WHAT NEEDS TO BE DONE
For the data below, retype word for word the lines from the one containing "DIN 3120/3124/ISO 2727" through the one containing "表1 各子區(qū)域內(nèi)不同周期放大系數(shù)"; drop the pictures.

RECORDS TO PROCESS
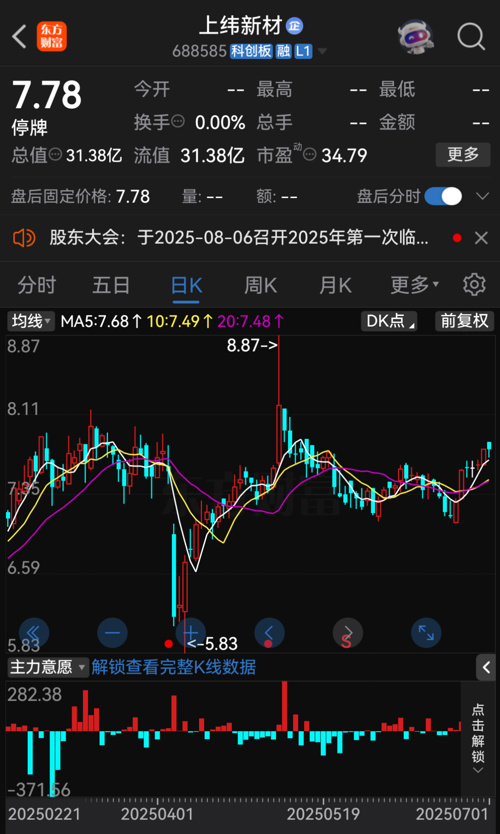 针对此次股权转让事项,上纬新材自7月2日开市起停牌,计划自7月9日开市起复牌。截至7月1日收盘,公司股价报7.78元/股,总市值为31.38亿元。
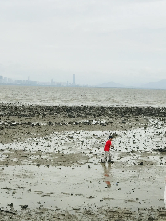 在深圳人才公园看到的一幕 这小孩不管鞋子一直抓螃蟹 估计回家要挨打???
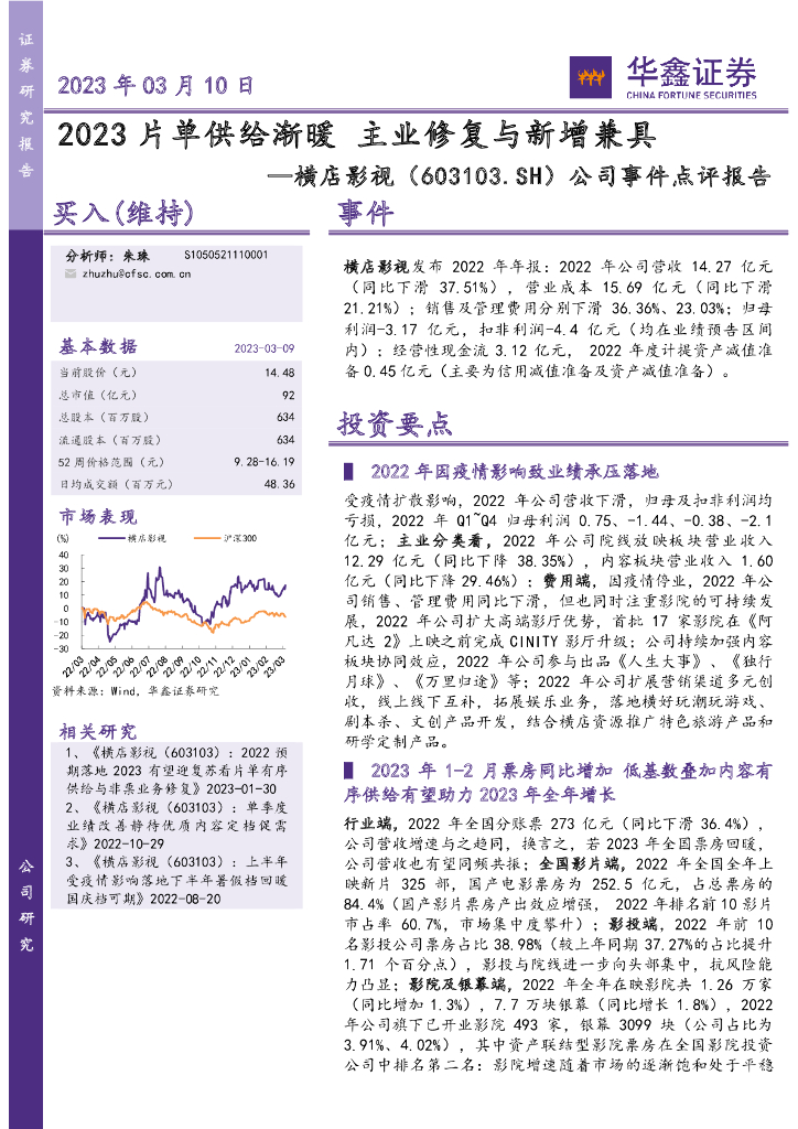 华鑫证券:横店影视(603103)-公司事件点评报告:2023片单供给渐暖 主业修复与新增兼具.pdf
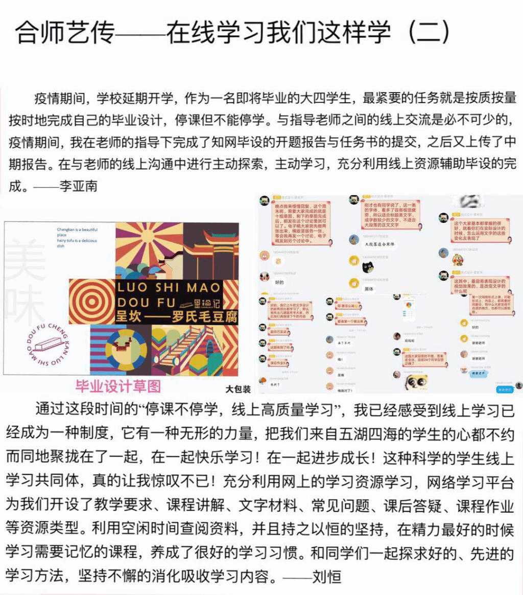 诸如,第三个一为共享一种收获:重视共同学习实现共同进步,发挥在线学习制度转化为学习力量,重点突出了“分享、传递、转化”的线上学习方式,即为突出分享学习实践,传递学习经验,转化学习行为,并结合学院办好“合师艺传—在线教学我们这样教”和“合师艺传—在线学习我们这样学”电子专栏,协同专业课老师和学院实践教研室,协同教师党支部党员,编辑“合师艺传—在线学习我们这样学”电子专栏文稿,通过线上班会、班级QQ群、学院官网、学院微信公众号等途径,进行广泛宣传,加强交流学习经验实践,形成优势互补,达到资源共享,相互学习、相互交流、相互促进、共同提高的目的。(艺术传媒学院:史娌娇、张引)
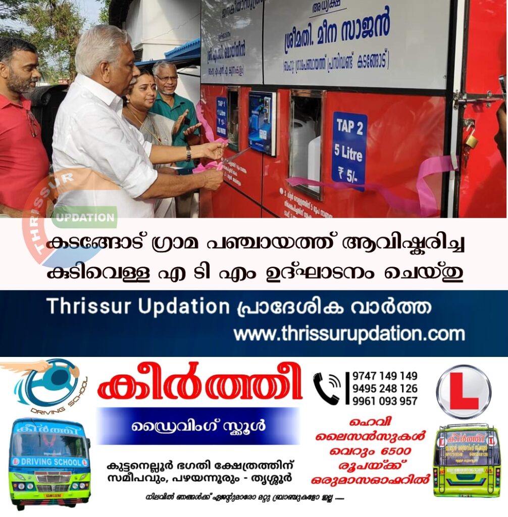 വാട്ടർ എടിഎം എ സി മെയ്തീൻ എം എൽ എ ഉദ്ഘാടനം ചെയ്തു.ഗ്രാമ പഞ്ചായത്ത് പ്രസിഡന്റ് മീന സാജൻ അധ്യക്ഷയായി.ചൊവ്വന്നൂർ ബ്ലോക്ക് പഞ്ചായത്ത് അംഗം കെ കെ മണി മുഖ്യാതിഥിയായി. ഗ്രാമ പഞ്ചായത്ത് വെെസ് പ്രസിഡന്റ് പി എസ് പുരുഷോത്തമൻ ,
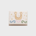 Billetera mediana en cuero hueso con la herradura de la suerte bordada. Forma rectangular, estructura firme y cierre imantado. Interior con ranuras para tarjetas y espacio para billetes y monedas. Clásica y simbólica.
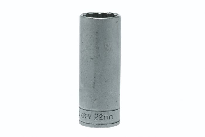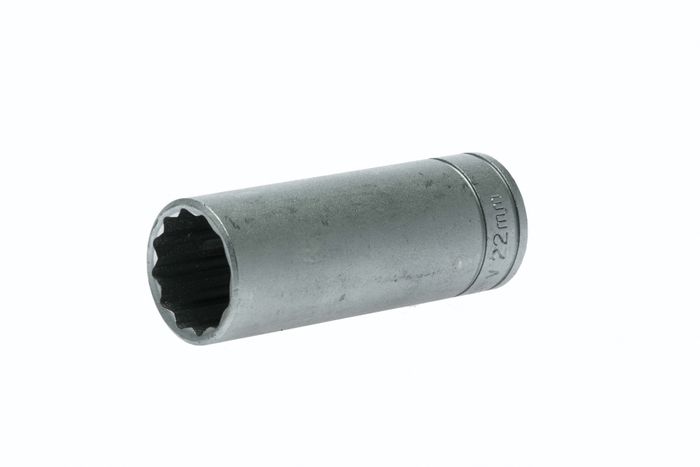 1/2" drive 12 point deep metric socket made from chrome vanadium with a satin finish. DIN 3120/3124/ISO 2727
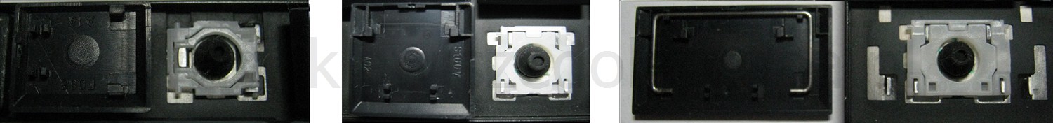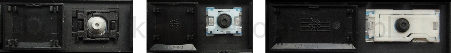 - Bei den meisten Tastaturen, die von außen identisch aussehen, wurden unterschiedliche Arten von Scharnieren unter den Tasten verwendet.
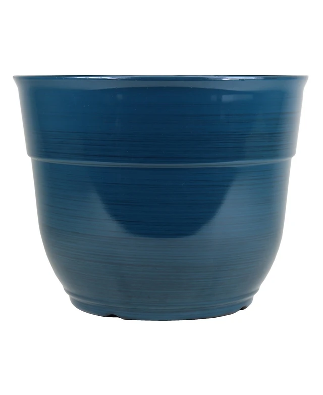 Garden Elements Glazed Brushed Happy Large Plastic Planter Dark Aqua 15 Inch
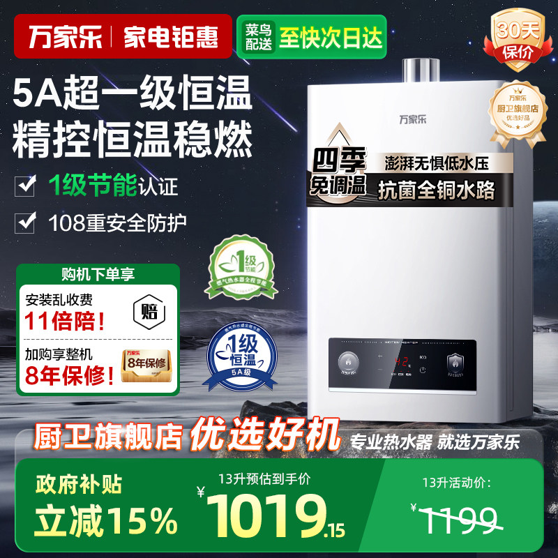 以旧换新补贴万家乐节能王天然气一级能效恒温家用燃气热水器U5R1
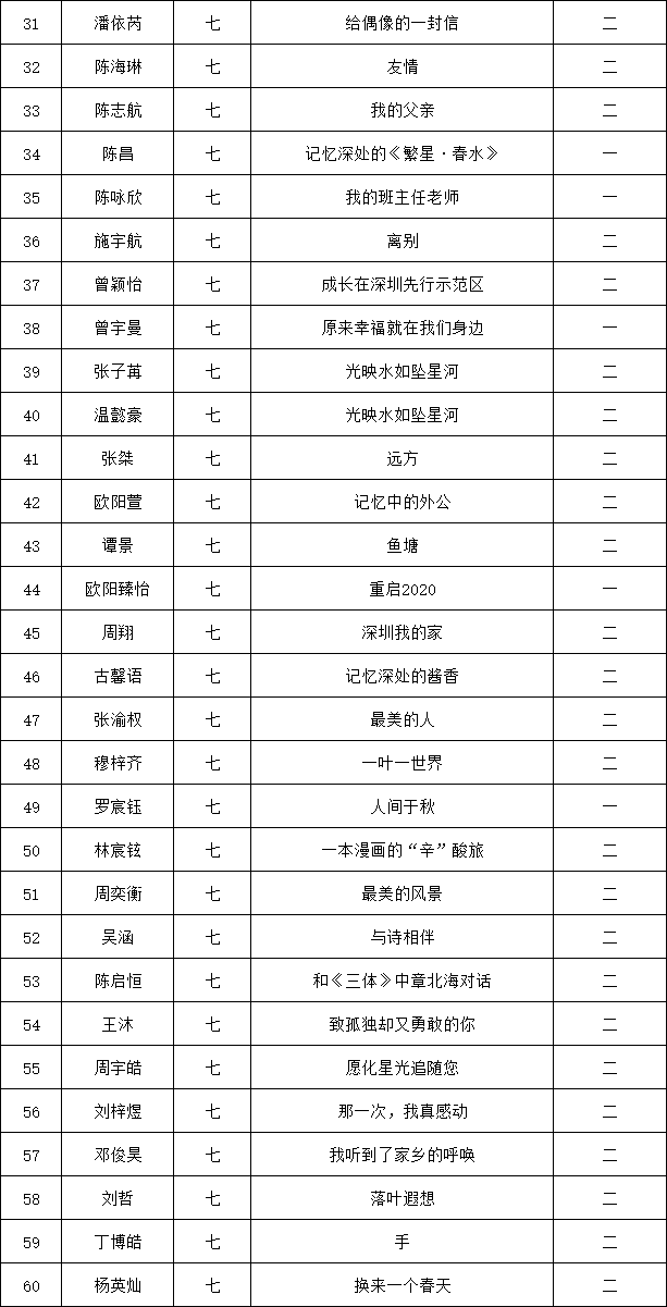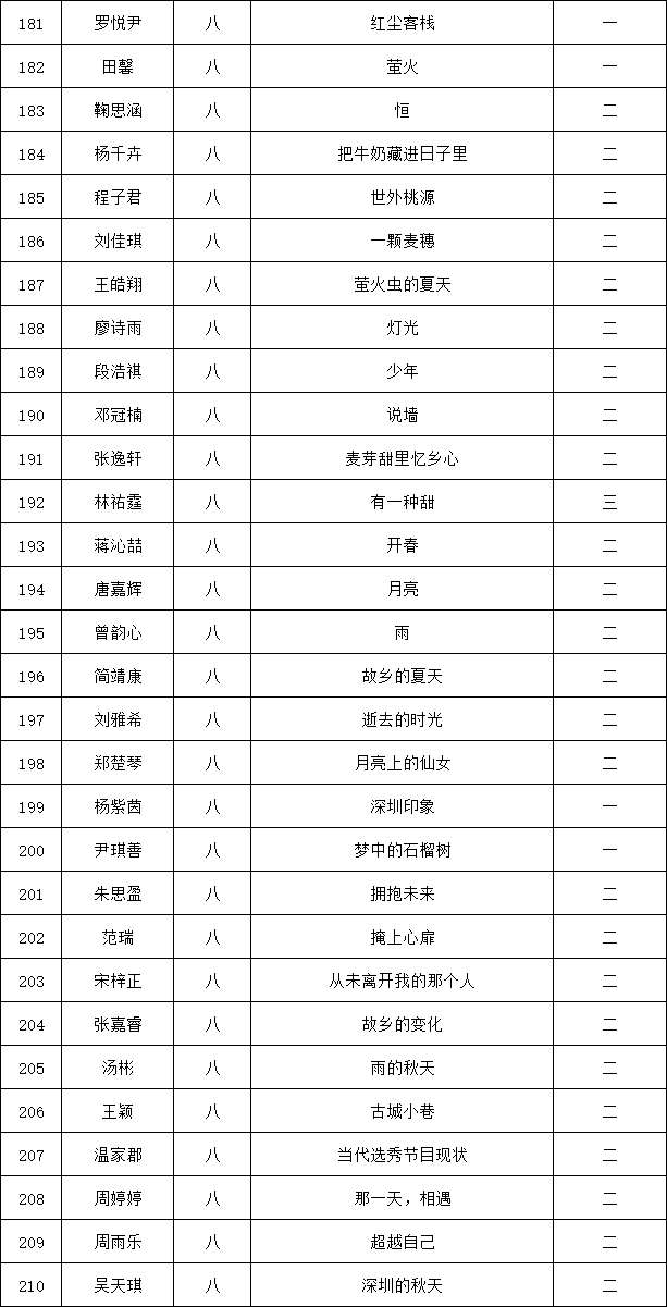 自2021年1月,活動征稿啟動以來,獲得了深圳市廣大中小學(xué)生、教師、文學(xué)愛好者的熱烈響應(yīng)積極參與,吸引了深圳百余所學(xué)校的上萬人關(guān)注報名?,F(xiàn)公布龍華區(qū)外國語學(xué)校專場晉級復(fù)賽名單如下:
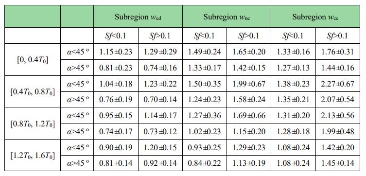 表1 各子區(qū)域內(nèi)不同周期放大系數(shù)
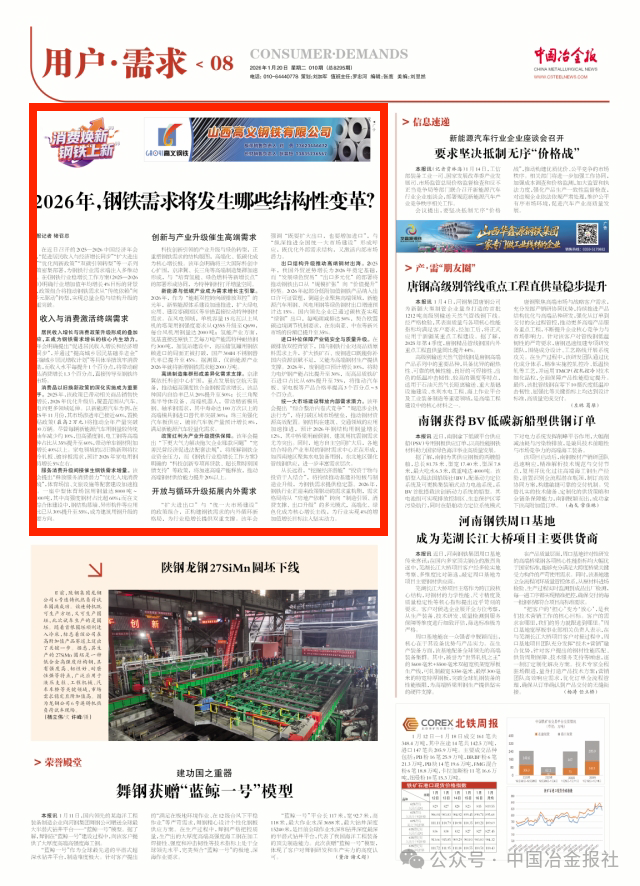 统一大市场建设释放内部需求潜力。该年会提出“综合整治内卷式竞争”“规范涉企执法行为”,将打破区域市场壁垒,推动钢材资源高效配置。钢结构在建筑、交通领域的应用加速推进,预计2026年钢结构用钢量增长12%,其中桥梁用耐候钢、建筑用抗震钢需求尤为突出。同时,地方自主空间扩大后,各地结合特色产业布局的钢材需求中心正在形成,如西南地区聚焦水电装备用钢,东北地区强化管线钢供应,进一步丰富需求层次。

RESPONSE BELOW
 1/2" drive 12 point deep metric socket made from chrome vanadium with a satin finish. DIN 3120/3124/ISO 2727
 - Bei den meisten Tastaturen, die von außen identisch aussehen, wurden unterschiedliche Arten von Scharnieren unter den Tasten verwendet.
 Garden Elements Glazed Brushed Happy Large Plastic Planter Dark Aqua 15 Inch
 以旧换新补贴万家乐节能王天然气一级能效恒温家用燃气热水器U5R1
 自2021年1月,活動征稿啟動以來,獲得了深圳市廣大中小學(xué)生、教師、文學(xué)愛好者的熱烈響應(yīng)積極參與,吸引了深圳百余所學(xué)校的上萬人關(guān)注報名?,F(xiàn)公布龍華區(qū)外國語學(xué)校專場晉級復(fù)賽名單如下:
 表1 各子區(qū)域內(nèi)不同周期放大系數(shù)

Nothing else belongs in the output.